You can estimate the bias of each measurer much more efficiently if you have them measure the same sample, yes, analogous to crossover: now the differences are due less to the wide diversity of the sampled population and more to the particular measurer.

(To put it a little more mathily, when each measurer measures different samples, then the measurements will be spread very widely because it's Var(measurer-bias) + Var(population); but if we have the measurers measure the same sample, then Var(population) drops out and now there's just Var(measurer-bias). If I measure a sample and get 2.9 and you measure it as well and get 3.1, then probably the sample is really ~3.0 and my bias is -0.1 and your bias is +0.1. If I measure one sample and get 2.9 and you measure a different sample and get 3.1, then my bias and your bias are... ???)
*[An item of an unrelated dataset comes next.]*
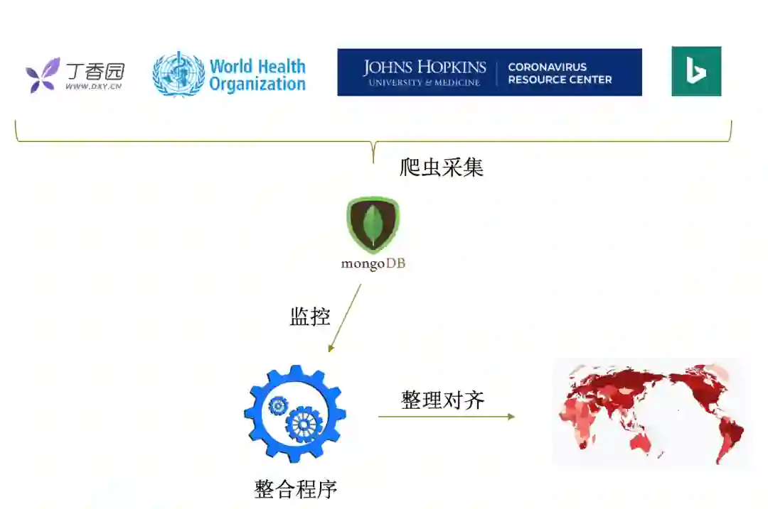 要想打造好疫情地图,基础工作是疫情数据的采集与整合。在疫情数据的收集过程中,知识疫图整理了丁香园、WHO、约翰·霍普金斯大学、必应等国内外多个平台的数据源,这些数据对于不同地区疫情有不同力度、不同准确度的描述。多样的数据源,不仅可以使数据更细粒度,而且保证了数据的完整性和准确性。

For example, the classic example for MLMs is you have n classrooms' test scores, and you want to figure out the teachers' effects. It's hard to tell because the classrooms' average scores will differ a lot on their own. This is analogous to your original description: each measurer gets their own batch of samples. But what if you had a crossed design of one classroom with test scores after it's taught by each teacher? Then much of the differences in the average score will be due to the particular effect of each teacher and that will be much easier to estimate.

So if we look at the difference in differences between x1and x2, and it is greater for some middle latent variables (ways of staining) than for others, can we use it as a measure of 'the overall variability of the measuring method'? Say, if we have ten measurers and four measuring methods...

I guess. From a factor analysis perspective, you just want to pick the one with the highest loading on X, I think.

Comment author: Romashka 17 August 2015 12:12:21PM 1 point [-]

Huh. Your answer was even more useful for me than I expected. My 'secret agenda' is to put forth another mountant medium, which might have advantages over the one in use, but I will have to show that they do not differ in preparation quality. I think I am going to do a 2-by-2 crossover.

So - thank you! Analogies for the win!